Human adenovirus (Ad) serotypes Ad3, Ad7, Ad11, and Ad14, as well as a recently emerged strain of Ad14 (Ad14p1), use the epithelial junction protein desmoglein 2 (DSG2) as a receptor for infection. Unlike Ad interaction with CAR and CD46, structural details for Ad binding to DSG2 are still elusive. Using an approach based on Escherichia coli expression libraries of random Ad3 and Ad14p1 fiber knob mutants, we identified amino acid residues that, when mutated individually, ablated or reduced Ad knob binding to DSG2. These residues formed three clusters inside one groove at the extreme distal end of the fiber knob. The Ad3 fiber knob mutant library was also used to identify variants with increased affinity to DSG2. We found a number of mutations within or near the EF loop of the Ad3 knob that resulted in affinities to DSG2 that were several orders of magnitude higher than those to the wild-type Ad3 knob. Crystal structure analysis of one of the mutants showed that the introduced mutations make the EF loop more flexible, which might facilitate the interaction with DSG2. Our findings have practical relevance for cancer therapy. We have recently reported that an Ad3 fiber knob-containing recombinant protein (JO-1) is able to trigger opening of junctions between epithelial cancer cells which, in turn, greatly improved the intratumoral penetration and efficacy of therapeutic agents (I. Beyer, et al., Clin.
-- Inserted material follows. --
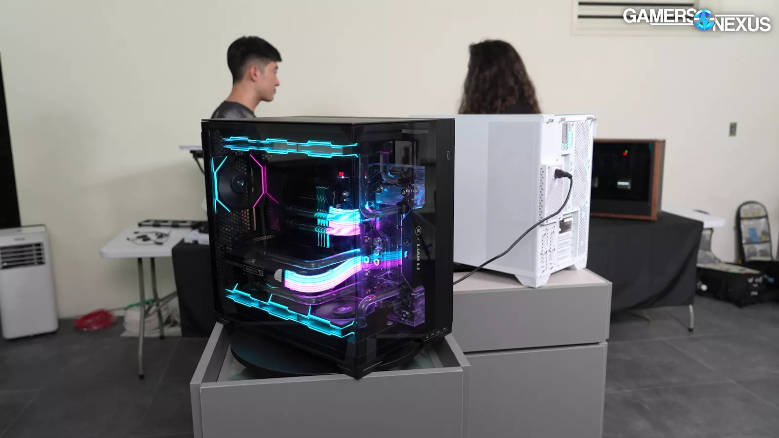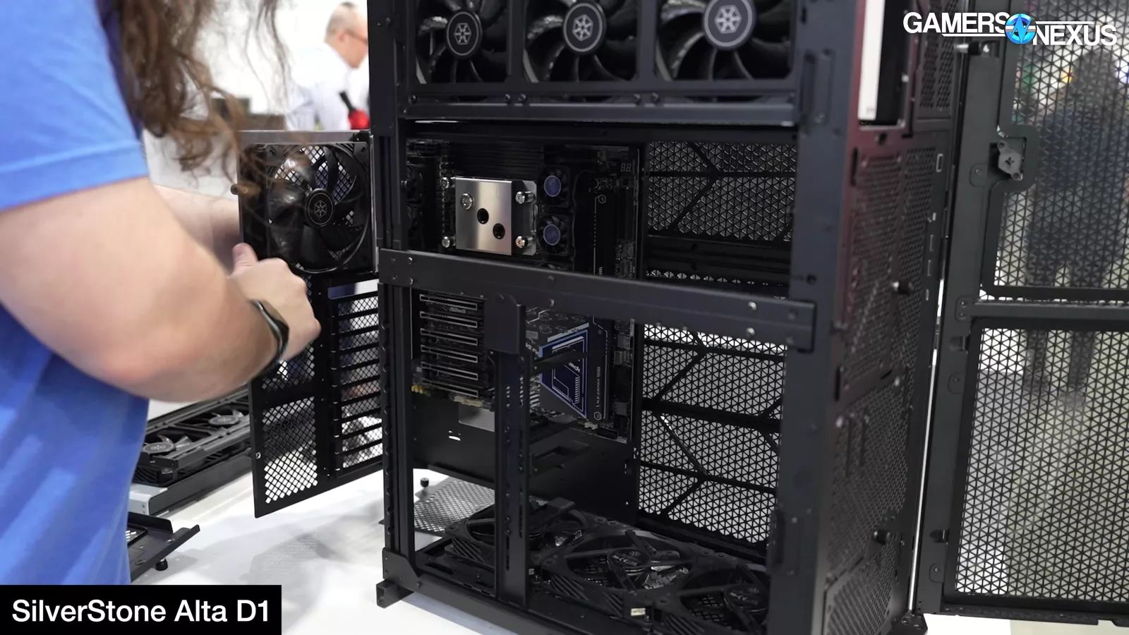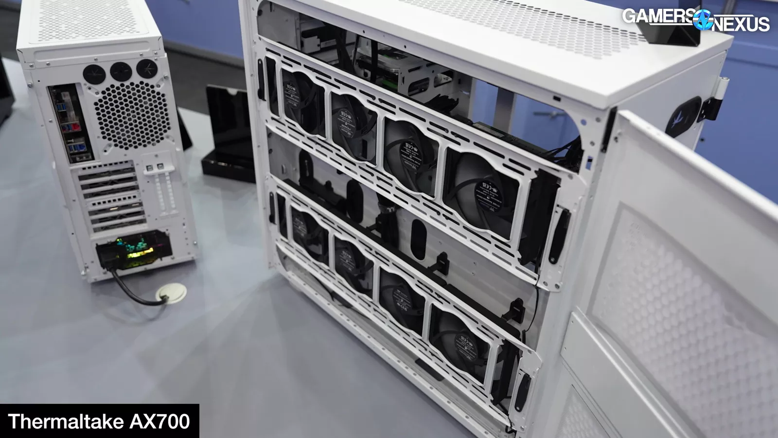 The show build had about 32 fans installed and two systems (one ITX and one ATX), but doesn't focus on the functional storage afforded by the AX700 as much. This is another one where we liked the smaller attention to detail: The pre-greased rails and actuation for the fan and radiator trays were nicely done and the small fan size markings on the rails makes installation clearer, reviving the 1000D highlights of the past. Corsair doesn't reach SilverStone levels of pure mechanical functionality and quality of life features in a huge case, but it also comes in cheaper -- but still not cheap. The 9000D will be around $500, but is expected to be a lot cheaper than Silverstone’s D1.

Cancer Res. 18:3340-3351, 2012; I. Beyer, et al., Cancer Res. 71:7080-7090, 2011). Here, we show that affinity-enhanced versions of JO-1 are therapeutically more potent than the parental protein in a series of cancer models.

摘要

人腺病毒(Ad)血清型 Ad3、Ad7、Ad11 和 Ad14,以及最近出现的 Ad14 株(Ad14p1),使用上皮细胞连接蛋白桥粒芯糖蛋白 2(DSG2)作为感染的受体。与 Ad 与 CAR 和 CD46 的相互作用不同,Ad 与 DSG2 结合的结构细节仍然难以捉摸。我们使用基于大肠杆菌随机表达 Ad3 和 Ad14p1 纤维 knob 突变体文库的方法,鉴定了单独突变时会使 Ad knob 与 DSG2 结合的氨基酸残基缺失或减少。这些残基在纤维 knob 最远末端的一个凹槽内形成三个簇。Ad3 纤维 knob 突变体文库也被用于鉴定与 DSG2 亲和力增加的变体。我们在 Ad3 knob 的 EF 环内或附近发现了一些突变,导致与 DSG2 的亲和力比野生型 Ad3 knob 高几个数量级。一个突变体的晶体结构分析表明,引入的突变使 EF 环更加灵活,这可能有助于与 DSG2 的相互作用。我们的发现对癌症治疗具有实际意义。我们最近报道,含有 Ad3 纤维 knob 的重组蛋白(JO-1)能够触发上皮癌细胞之间连接的开放,这反过来又大大提高了治疗剂在肿瘤内的渗透和疗效(I. Beyer 等人,Clin. Cancer Res. 18:3340-3351,2012 年;I. Beyer 等人,Cancer Res. 71:7080-7090,2011 年)。在这里,我们表明,JO-1 的亲和力增强版本在一系列癌症模型中比亲本蛋白具有更强的治疗效果。